Das Reinheitsgebot: Qualitätssiegel der deutschen Brauerei
Das am 23. April 1516 im bayerischen Ingolstadt erlassene Reinheitsgebot ist die älteste, heute noch gültige lebensmittelrechtliche Vorschrift der Welt. Es wurde ursprünglich von Herzog Wilhelm IV. erlassen und schreibt vor, dass zur Herstellung von Bier ausschließlich Wasser, Gerste und Hopfen verwendet werden dürfen. Die Hefe war damals als Mikroorganismus noch nicht bekannt, ihre Wirkung bei der Gärung wurde aber genutzt.
Heute ist das Reinheitsgebot im deutschen Biersteuergesetz verankert und erlaubt neben Gerstenmalz auch Weizenmalz sowie Hopfenextrakte und Hefe. Für viele deutsche Brauereien ist es mehr als nur ein Gesetz; es ist ein freiwilliges Qualitätsversprechen und ein Symbol für die Bewahrung traditioneller Handwerkskunst. Es garantiert, dass deutsches Bier ein reines Naturprodukt ohne künstliche Aromen, Farbstoffe oder Konservierungsmittel ist. Über 98 Prozent der in Deutschland gebrauten Biere, einschließlich der meisten Craft-Biere, halten sich an diese Vorgabe. Passend dazu könnten die neuesten Entwicklungen rund um den Fall der Hipp Erpressung für Konsumenten von Interesse sein, die Wert auf die Reinheit von Lebensmitteln legen.
Trends und Herausforderungen für die Brauerei-Branche 2026
Die deutsche Brauerei-Landschaft ist im Umbruch. Neben den wirtschaftlichen Herausforderungen durch sinkenden Bierkonsum und steigende Kosten zeichnen sich klare Trends ab, die den Markt nachhaltig verändern.
Der Boom der alkoholfreien Biere
Der wohl stärkste Trend ist die wachsende Nachfrage nach alkoholfreien Bieren und Biermischgetränken. Im Jahr 2025 wurden rund 750 Millionen Liter alkoholfreies Bier hergestellt, was einem Zuwachs von 7,6 % gegenüber dem Vorjahr entspricht. Alkoholfreie Sorten sind längst kein Nischenprodukt mehr, sondern ein zentraler Wachstumstreiber für die Branche und erreichen bereits einen Marktanteil von rund 11 %. Dieser Trend spiegelt ein gestiegenes Gesundheitsbewusstsein in der Bevölkerung wider.

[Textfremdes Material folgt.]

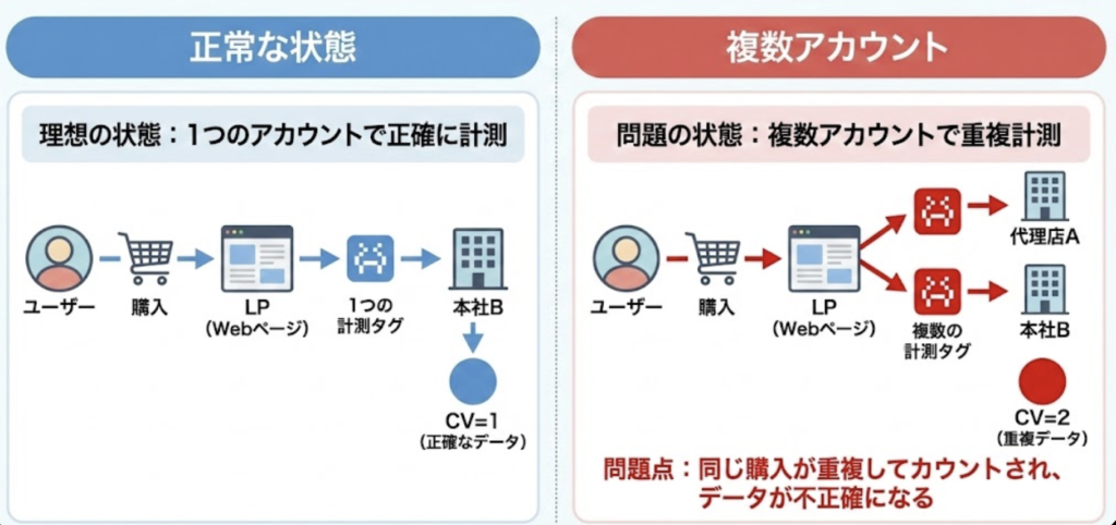 複数の広告アカウントを運用している場合や、代理店・外部担当者が設定を分担しているケースでは、違うピクセルIDが同一LP(サンクスページ等)に設置されてしまうことがあります。この場合、ユーザーのコンバージョン1件に対して、
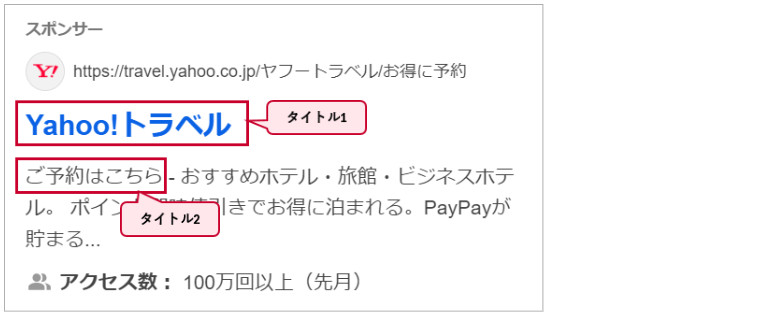 広告に表示されたタイトルが1のみの場合、後に続く説明文の先頭に表示されたタイトルとは別のタイトルが連結して表示されるようになります。
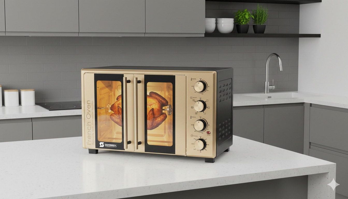 السعة: 60 لتر الاستطاعة:2000 واط باب مزدوج أنيق باب زجاجي مقاوِم للحرارة مروحة ذكية لتوزيع الحرارة بشكل متجانس إضاءة داخلية لمتابعة الطهي القياس ( 58*40*37) سم درجة الحرارة: مدى واسع (من ١٠٠ إلى ٢٥٠ درجة مئوية) عزل حراري فعال لاستهلاك كهرباء معقول. تحكم بالهترات سفلي او علوي منفرد او الاثنين معا
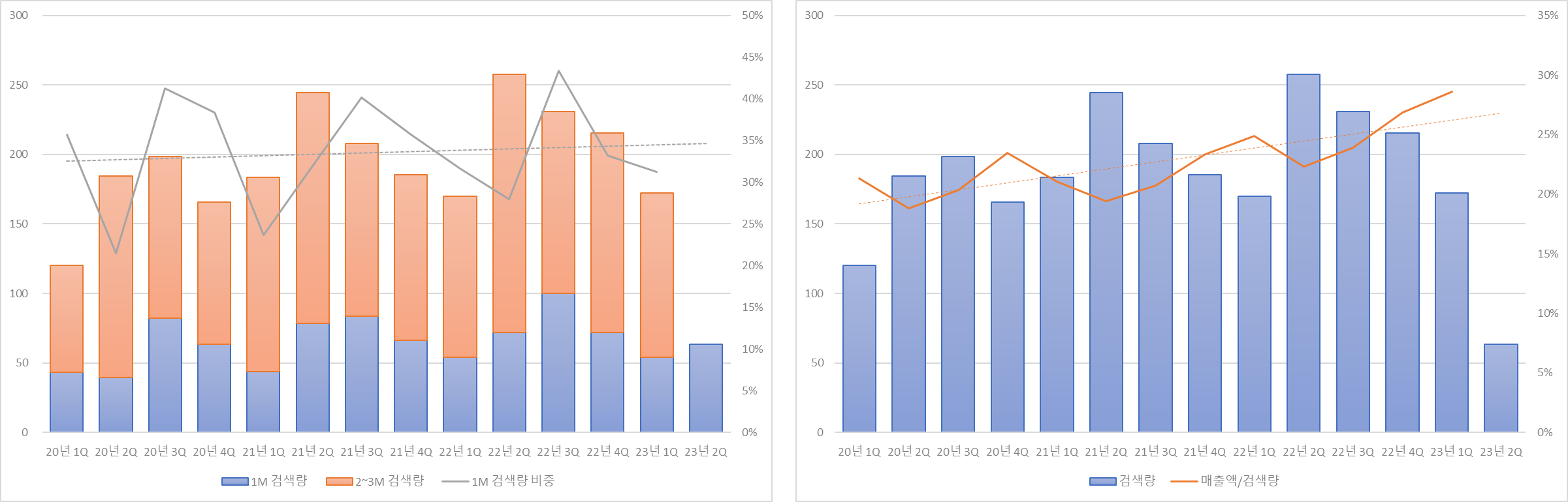 - 브랜드엑스코퍼레이션의 23년 2Q 매출액은 매출액/검색량 28%, 1M 검색량 비중 33% 가정하여 538.38억원으로 추정
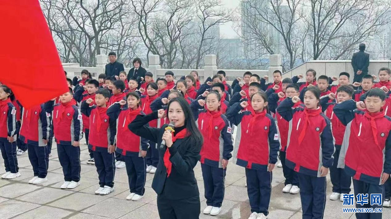 在抗美援朝紀念館,山上小學部分師生代表莊嚴地舉起右拳,面向巍峨的抗美援朝紀念塔,面向鮮艷的少先隊隊旗宣誓。(新華網發 受訪對象供圖)
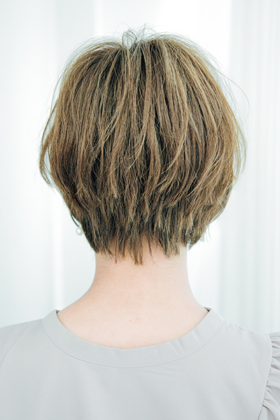 基本的には乾かすだけでOKという手軽さが嬉しいショートスタイル。キレイに仕上げるコツは、乾かす時に分け目がつかないように注意し、根元が自然と立ち上がるように、毛流れとは逆方向からドライヤーの風を当てます。スタイリング剤は、オイルとクリームをミックスし、根元から空気を含ませるようにボリュームを出しながら塗布。最後に整えたら完成です。

Craft Beer: Die kreative Revolution
Parallel dazu hat die Craft-Beer-Bewegung für neue Impulse gesorgt. Kleine, unabhängige Brauereien experimentieren mit neuen Hopfensorten und kreativen Rezepturen, die eine enorme Geschmacksvielfalt jenseits des klassischen Pils bieten. Diese Entwicklung spricht vor allem jüngere, urbane Zielgruppen an, die Wert auf Regionalität und handwerklich hergestellte Produkte legen. Die Vielfalt reicht von hopfenbetonten India Pale Ales (IPAs) bis hin zu komplexen, fassgereiften Stouts.
Die größten Brauereien in Deutschland
Obwohl die Zahl kleiner Brauereien groß ist, wird der deutsche Biermarkt von wenigen großen Brauereigruppen dominiert. Diese Konzerne vereinen oft eine Vielzahl bekannter Marken unter einem Dach. An der Spitze steht die Radeberger Gruppe, gefolgt von weiteren Branchenriesen wie AB InBev und der Bitburger Braugruppe. Auch die Players Championships im Darts zeigen, wie Sponsoring durch große Getränkemarken funktioniert.

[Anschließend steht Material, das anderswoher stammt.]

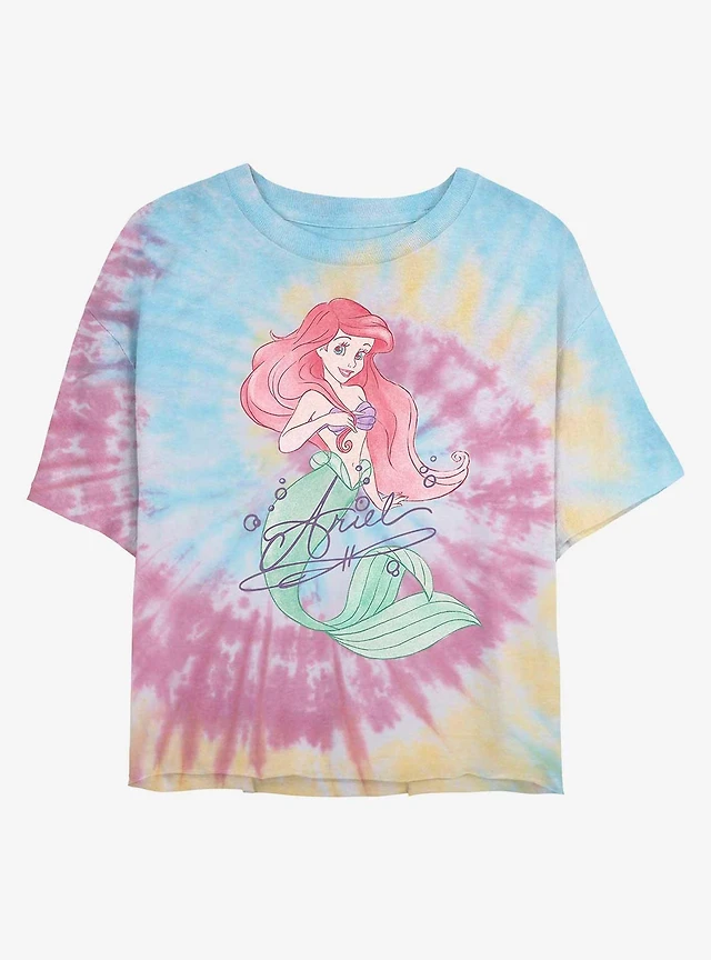 Disney The Little Mermaid Signed Ariel Tie Dye Crop Girls T-Shirt
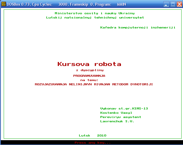 outtextxy(200,190,"Kursova robota");
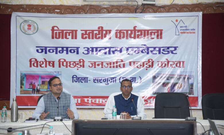 अंबिकापुर, 30 जनवरी 2026।कलेक्टर अजीत वसंत की अध्यक्षता में गुरुवार को विशेष पिछड़ी जनजाति पहाड़ी कोरवा समुदाय के जनमन आवास एम्बेसडरों हेतु जिला स्तरीय कार्यशाला का आयोजन जिला पंचायत सभाकक्ष में किया गया। कार्यशाला में जिला पंचायत के मुख्य कार्यपालन अधिकारी विनय अग्रवाल, संबंधित विभागीय अधिकारी, पहाड़ी कोरवा एम्बेसडर, ग्राम पंचायतों के सरपंच एवं सचिव उपस्थित रहे।

| Rang | Brauereigruppe | Ausstoß (in Mio. Hektoliter) | Bekannte Marken (Auswahl) |
|---|---|---|---|
| 1 | Radeberger Gruppe | ~ 11 | Radeberger, Jever, Schöfferhofer, Berliner Pilsner |
| 2 | AB InBev Deutschland | ~ 9-10 | Beck’s, Franziskaner, Hasseröder, Spaten |
| 3 | Oettinger Gruppe | ~ 7,5 | Oettinger, 5,0 Original |
| 4 | Paulaner Gruppe | ~ 6,3 | Paulaner, Hacker-Pschorr, Fürstenberg |
| 5 | Krombacher Gruppe | ~ 5,7 | Krombacher, Schweppes, Vitamalz |
| 6 | Bitburger Braugruppe | ~ 5,7 | Bitburger, König Pilsener, Köstritzer, Licher |
Quelle: Basierend auf verschiedenen Branchenberichten und Schätzungen für die Jahre 2023-2025. Die genauen Zahlen können je nach Quelle leicht variieren.

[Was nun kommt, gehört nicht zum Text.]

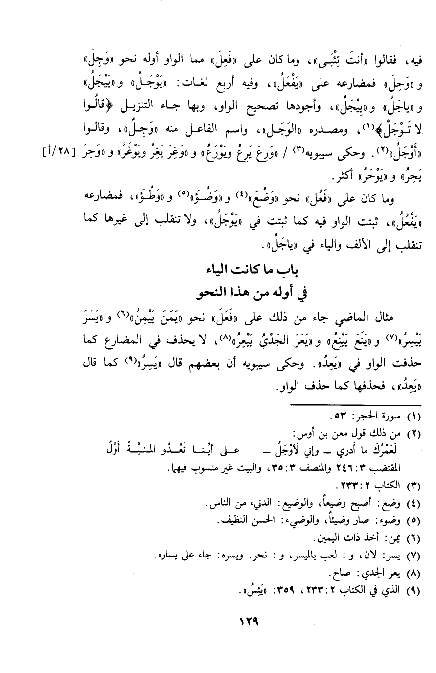 فيه، فقالوا "أنت تئبى"، وما كان على "فَعِل" مما الواو أوله نحو "وَجِل" و"وَحِل" فمضارعه على "يفعل"، وفيه أربع لغات: "يوجل" و "ييجل" و"ياجل" و"ييجل"، وأجودها تصحيح الواو، وبها جاء التنزيل {قالوا لا توجل"، ومصدره "الوجل"، واسم الفاعل منه "وجل"، وقالوا "أوجل". وحكى سيبويه "ورع يرع ويورع" و "وغر يغر يوغر" ووحر يحر" و "يوحر" أكثر.
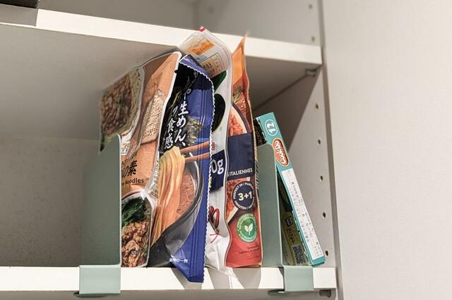 我が家ではふりかけなどの袋に入った食料品や調味料が結構嵩張っていたのですが、ふと思い立ってこのブックエンドを導入してみたところサイズも固定感もぴったり……!
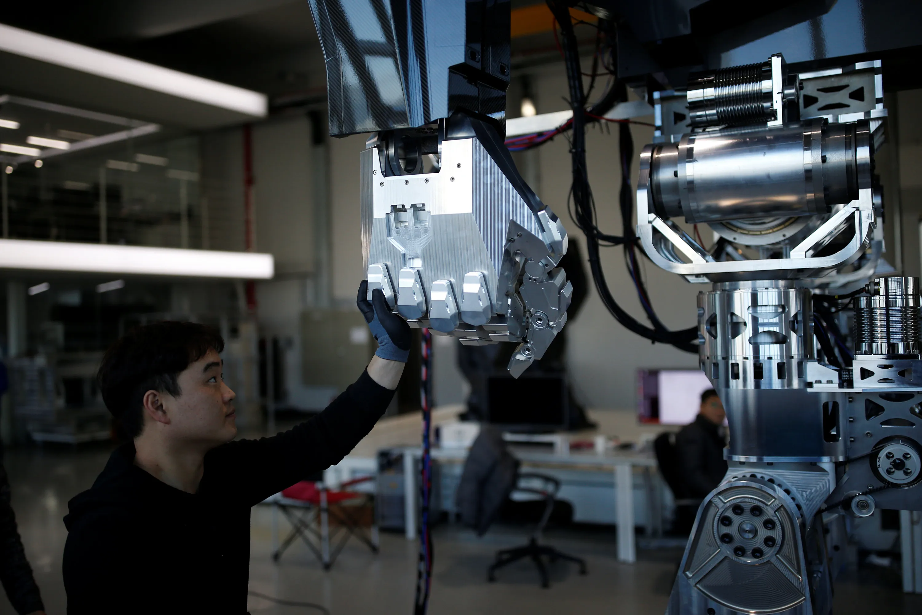Employees check a manned biped walking robot “METHOD-2” during a demonstration in Gunpo, South Korea, December 27, 2016. (Photo by Kim Hong-Ji/Reuters)
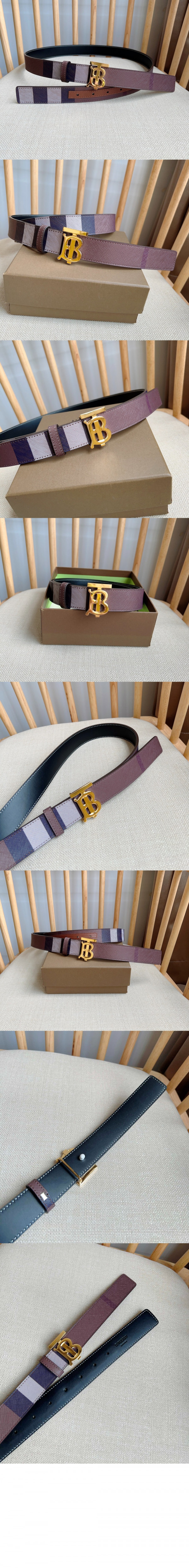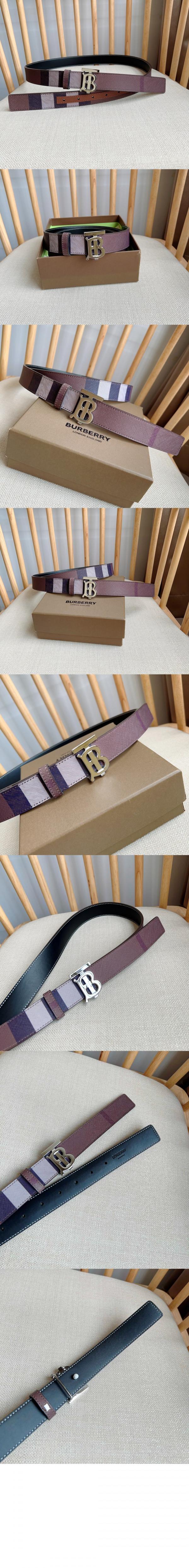버버리 체크 레더 리버시블 TB 벨트 80623491
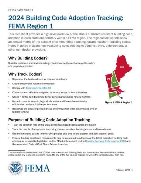 The resource is a FEMA fact sheet providing a high-level overview of hazard-resistant building code adoption in FEMA Region 1. It emphasizes the importance of building codes in disaster resilience and explains the purpose of tracking building code adoption. The fact sheet highlights the role of FEMA in proposing and defending building code changes to enhance disaster resistance and improve public safety.
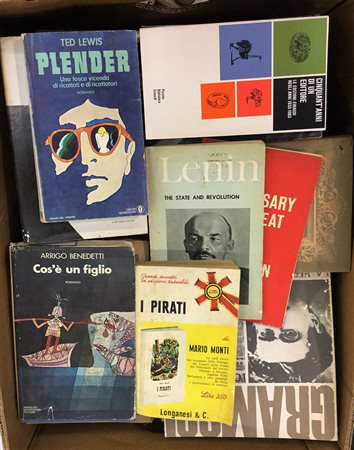 Lotto composto da romanzi, saggistica e storia (fra cui un’edizione antica del Codice Civile di Napoleone in lingua francese). In cinque cartoni.
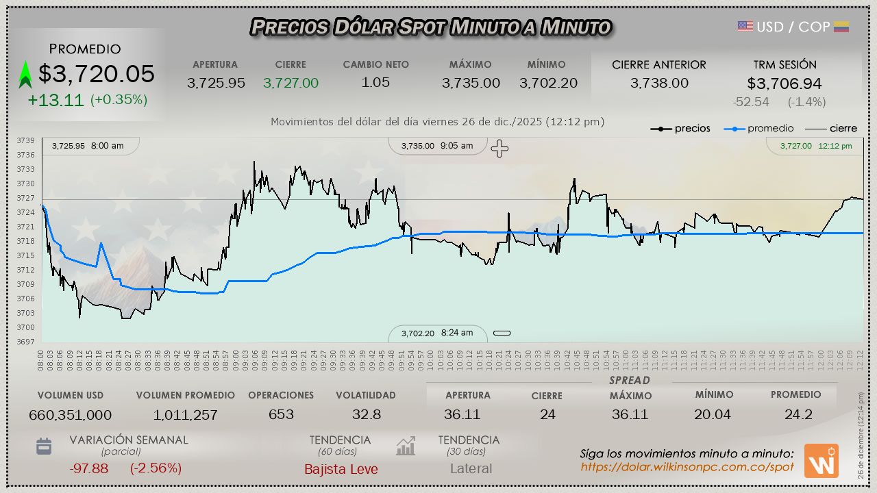 El mercado del dólar SPOT, en la jornada del viernes, tiene una desaceleración después de un aumento inicial, la tendencia se mantiene positiva durante la jornada, a un precio corriente de $3,720.14, rebasándola sutilmente por encima de los $13.20 pesos (aunque hay una tendencia al alza, no logra compensar las pérdidas de la jornada anterior), frente a la TRM vigente, que para la sesión estaba en $3,706.94.
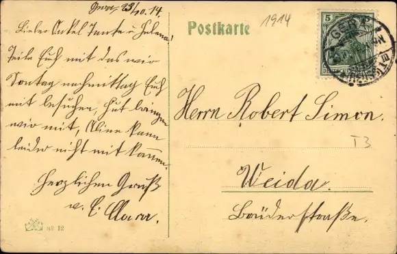 Zustand, siehe Scan, gelaufen, 1914 - ca 14 cm X 9 cm

Fazit: Die Zukunft der Brauerei in Deutschland
Die deutsche Brauerei-Landschaft befindet sich in einer spannenden Transformationsphase. Tradition und Moderne prallen aufeinander und schaffen neue Chancen. Während der klassische Biermarkt stagniert, eröffnen innovative Produkte wie alkoholfreie Biere und kreative Craft-Biere neue Wachstumsperspektiven. Die Fähigkeit einer Brauerei, sich an die veränderten Wünsche der Konsumenten anzupassen und gleichzeitig für Qualität und Authentizität zu stehen, wird über den zukünftigen Erfolg entscheiden. Trotz der Herausforderungen bleibt die deutsche Bierkultur ein wertvolles Gut, das von Vielfalt und hoher Handwerkskunst geprägt ist.